Тут даже злиться не выйдет! На кого? На себя если только. Я ведь должна была это знать, тогда бы и дурой не выглядела. И все равно обидно до соплей. Это за год работы, если я ничего тратить не буду, я сколько заработаю? Тысячу двести гелдов? В переводе на наши деньги сколько — сто тысяч?..
Потом я подумала, что Нина получит намного меньше, чем я, и настроение у меня поднялось. Она ведь тоже о вычетах и налогах ничего не говорила. И вообще слишком рано я на себе крест поставила. К тому же еще пять-десять гелдов в неделю я могу заработать у Мего. Зато чистыми, без этих поборов.
Смогу себе вообще ни в чем не отказывать.
А день, когда я должна послужить на благо моей не-Родины и отработать наказание, тем временем наступил. И как назло, идти никуда не хотелось и вообще жаль было тратить выходной — работать за бесплатно на свои же налоги.
Так что, может, потому, что я была на правительство Еронии жутко злая, а может, потому, что банально мне так было удобнее, я поджидала конвой, который должен был меня отвезти на общественные работы, в слоучах и футболке. Вот пусть все смотрят и знают, что я мигрант, задумаются, что я и так пашу всю неделю без продыха, а в выходной вместо того, чтобы спать, занимаюсь… ну, чем мне сейчас предложат. Копаться в помойке? Обстирывать заключенных? Улицы подметать? Мясокомбинат, как я догадывалась, на сегодня нарядов не прислал.
Так любой труд почетен, но как бы подразумевается, что его должны и оплачивать. И налоги, нет, я знала прекрасно, что в Европе они как бы не меньше, но, во-первых, там часть идет на тебя самого — пенсия, например, а где здесь пенсия? Во-вторых, там и платят немного больше, чем четыреста нищенских гелдов.

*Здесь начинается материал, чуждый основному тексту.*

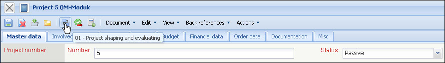 Firstly, a new document is opened with various preset fields from the type “Project”. Next, the project description …
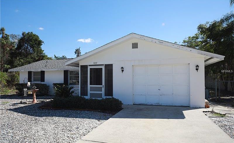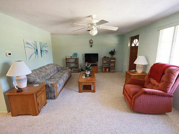 Looking for starter home or are you a snowbird? Then this is the home for you! Split plan with 2 master suites, each with a bathroom, walk-in closets, plenty of windows for lots of light. Could use a little updating but very livable as is. Huge Florida room for entertaining with its own A/C unit. Good appliances and a nice 1-car garage. Come take a look- it's a lot of house for the money. Low upkeep yard with Florida shells no mowing required!
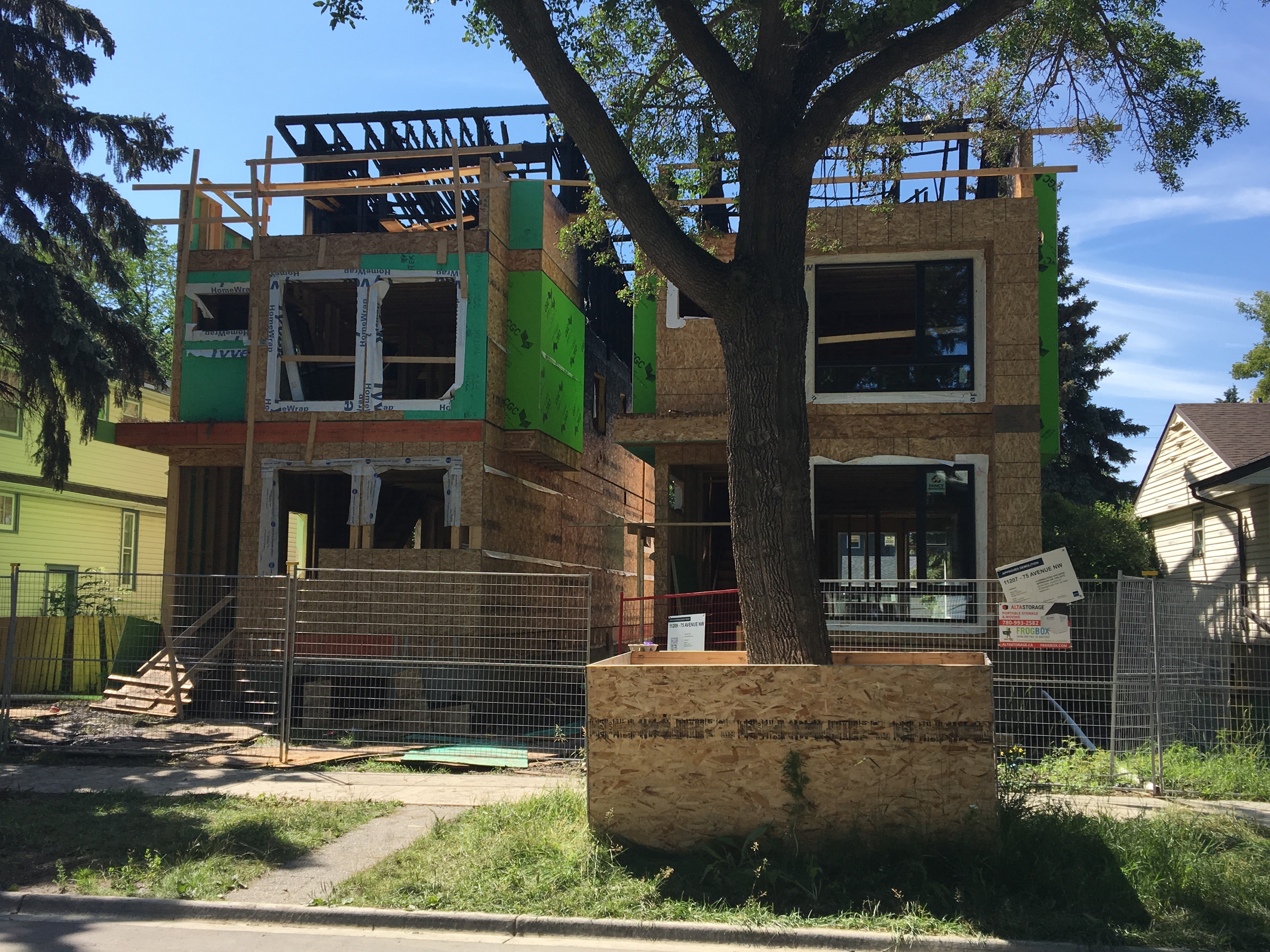 The two houses were being built on 75 Avenue near 112 Street in the McKernan neighbourhood, where firefighters were called to a blaze just after 10:30 p.m.
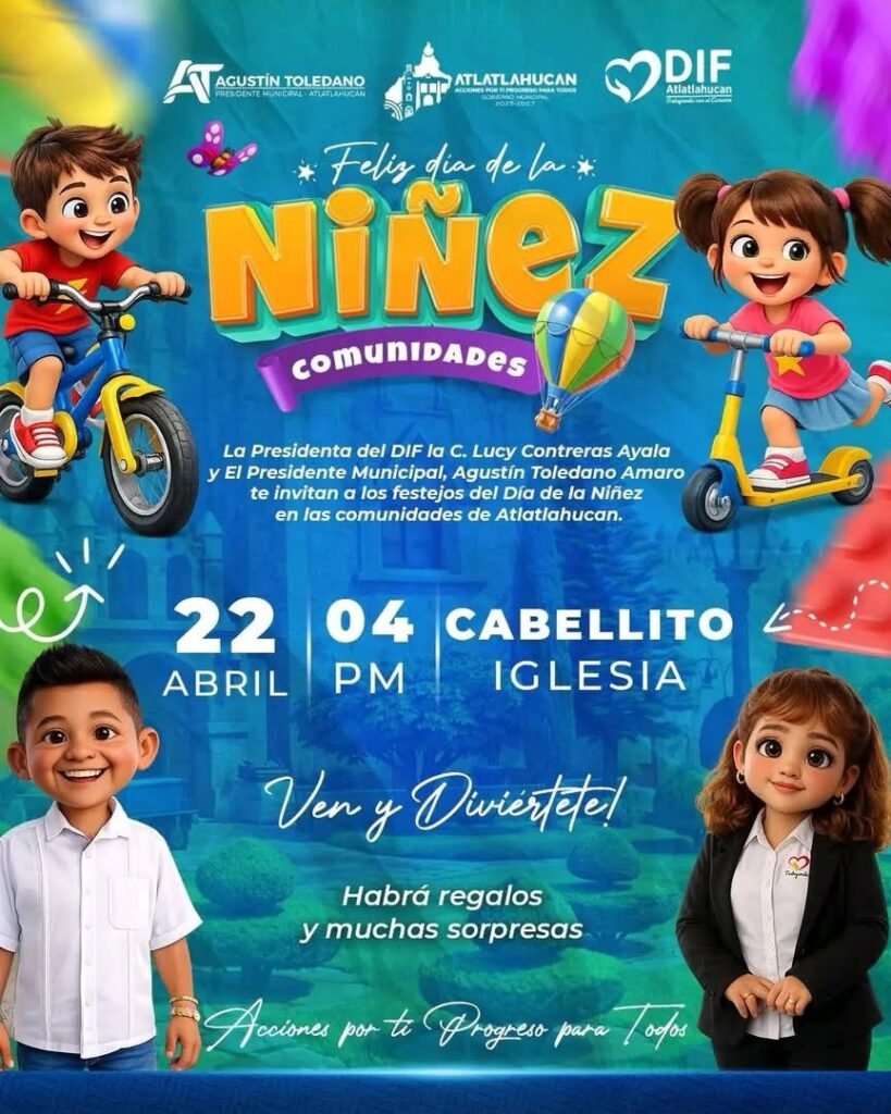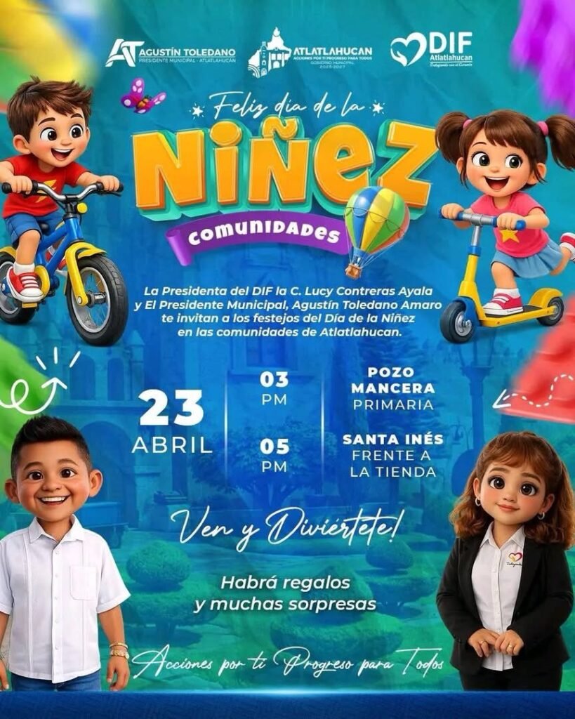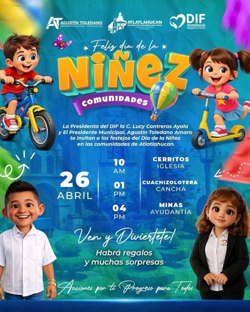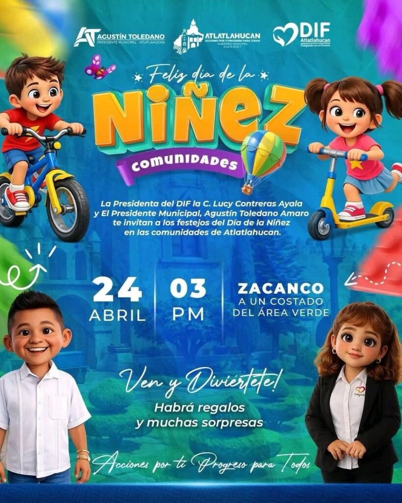 ¡Llegó el momento de festejar la imaginación y la esperanza de nuestras niñas y niños! El SMDIF Atlatlahucan y el Gobierno Municipal hemos preparado tardes increíbles llenas de risas y sorpresas para todos los pequeñines de nuestra comunidad. 🍭🎡

А то и триста. Это что вообще остается?
Так, подогревая себя крамольными мыслями, я заприметила экипаж и предположила, что это за мной. На вид совершенно обычный, только надпись на нем глумливая: «Арестанты». О как, а в прошлый раз меня так не клеймили, получается, признать преступником может только суд? Ну спасибо…
И ехала на этот раз я не одна, а с целой кучей девушек. Почему-то разделение по половому признаку тут присутствовало, тюремный обычай, наверное, хотя в самой Еронии особо я не заметила проявления шовинизма или чего-то такого. Нас сопровождала охранница: два метра на метр, с дубинкой в руке, сидела в углу и действовала на нервы, периодически гаркая:
— Молчать!
Мы и не разговаривали. Девушки в платьях, одна, как и я, в джинсах, но когда я опознала в ней соотечественницу и попыталась открыть рот, услышала поток французской, кажется, речи и сникла, а охранница тогда впервые рявкнула. Толку горло-то драть, когда я все равно не понимаю, хмыкнула я и замолчала.
Сперва высаживали местных девушек. Я могла ошибаться, но мне казалось, что они работают где-то недалеко от меня, например, в том чудном месте, где я повстречала Киддо. Моя очередь и француженки настала в числе последних: открылась дверь, нас вытолкали, здоровенная ручища сунула суровому мужичку с бородой наши бумаги, и экипаж уехал, кашляя пылью.